This essay will directly address the claim of some animal exploitation advocates that since 1) vegans consume grains, soybeans, corn, and other crops, and 2) crop production causes field animals to die, that 3) vegans cause animal deaths, and 4) are therefore violating the rights of animals.
A Comparative Analogy in Human Rights
On American highways and roads we inadvertently, but predictably kill an average of 38,000 human beings annually. This annual average of approximately 38,000 human deaths is as reliable and predictable as the change of seasons. Although we try to keep this number “as low as reasonably possible” through reasonable measures, such as speed limits, seatbelts, air bags, and anti-lock brakes, we do not take stringent measures to eliminate a majority of those 38,000 highway deaths, such as reducing the speed limit from the range of 55 to 75 miles per hour (88 - 120 kph) to the range of 35 to 50 miles per hour (56 - 80 kph) using either mandatory engine governors and/or extremely heavy fines or jail time for even moderate speeding. Are we violating human rights by only taking reasonable instead of stringent measures to prevent these fatal accidents? Most, if not all of us, would say no, there are no human rights violations inherent in our current highway and motor vehicle system, even if we inadvertently, but predictably kill 38,000 random humans annually, and even if we only take reasonable measures instead of stringent measures to prevent these deaths.
Let’s compare the “inadvertent motor vehicle fatalities” situation (“Situation A”) given above with another situation, which we’ll call the “prisoner execution” situation (“Situation B”). Situation B is as follows: To reduce the financial and economic burden of housing prisoners and to rid the country of its most violent sector, both for short-term relief of the violent burden and as a long-term “social improvement” program, we have adopted a policy of executing 38,000 prisoners annually, with the 38,000 to come from the prisoners with the most jail time left to serve. As the prison population declines due to our new execution program, the policy will eventually be tapered down from “38,000 prisoner executions no-matter-what” to executing anyone convicted of a crime normally garnering a sentence of greater than or equal to 4 years in prison. Of course, many of these prisoners will not have murdered anyone and will be receiving a punishment greater than their crime, but we anticipate that it will have positive deterrent and “social improvement” effects on society. Also, there will come a point when we’re killing far less prisoners than 38,000 per year. In addition to that, we kill 38,000 innocent people on our highways annually because of our lax driving restrictions, so why not kill not-as-innocent prisoners?

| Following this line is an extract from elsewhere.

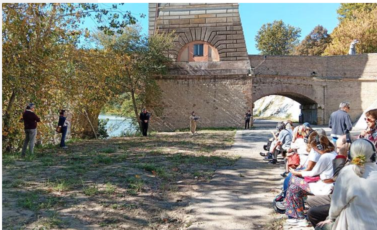
Lo stupro di Lucrezia, Ponte Milvio - Roma (11 ottobre 2025)

What’s the problem with Situation B? The problem is most of us would call this prisoner execution policy a very serious human rights violation.
Why do we come to different conclusions about human rights violations in the above two situations? In both situations, we can clearly foresee, with virtually no doubt, that 38,000 humans will be killed as a result of our policy. In both situations, the economic, social, and/or practical gains are significant.
There are at least a few reasons we come to different conclusions with regard to human rights in these two different situations, and they are as follows:
1) In Situation A, the policy of “allowing speed limits greater than 35 to 50 mph on expressways” is not wrong in itself. By contrast, in Situation B, the policy of “executing prisoners innocent of capital crimes” is wrong in itself.
2) In Situation A, the bad consequence of 38,000 traffic fatalities is a foreseen side-effect, but not an intended consequence of the policy of “allowing speed limits greater than 35 to 50 mph on expressways”. Our intent in our policy of “allowing higher speed limits” is not “to kill more drivers.” By contrast, in Situation B, the bad consequence of 38,000 prisoner fatalities is a foreseen and intended consequence of the policy of “executing prisoners innocent of capital crimes”. Our intent in our policy of “executing prisoners” is “to kill prisoners.” The dead prisoners will not be merely “foreseen side-effects” of our executions.
3) In Situation A, the good economic and practical consequence is a direct result of “speed limits greater than 35 to 50 mph on expressways”. The higher speed limits themselves bring about the good consequence. The 38,000 annual traffic fatalities – which we are also taking reasonable measures to prevent from being higher – do not themselves bring about the good consequence. By contrast, in Situation B, the good economic and practical consequence is a direct result of the 38,000 annual prisoner executions. The prisoner executions themselves bring about the good consequences.
A Parallel Comparative Analogy in Animal Rights
Because of our policy of allowing speeds in excess of 35 to 50 mph on our highways, we inadvertently, but predictably kill thousands of humans. In the same way, because of our policy of allowing machines to till soil and harvest crops, we inadvertently, but predictably kill millions of wild field animals.
We, as vegans supporting animal rights, are willing to incur the crop production fatalities for the same reasons that a majority of people in our society, as citizens supporting human rights, are willing to incur the traffic fatalities on our highways. We, as vegans supporting animal rights, are unwilling to incur intentional slaughterhouse fatalities for the same reasons that a majority of people in our society, as citizens supporting human rights, are unwilling to incur the prisoner execution fatalities. The reasons stated above for the human rights case are the exact same reasons stated below in the animal rights case for easy comparison. We’ll call the inadvertent crop production fatalities “Situation C” and the intentional slaughterhouse fatalities “Situation D”.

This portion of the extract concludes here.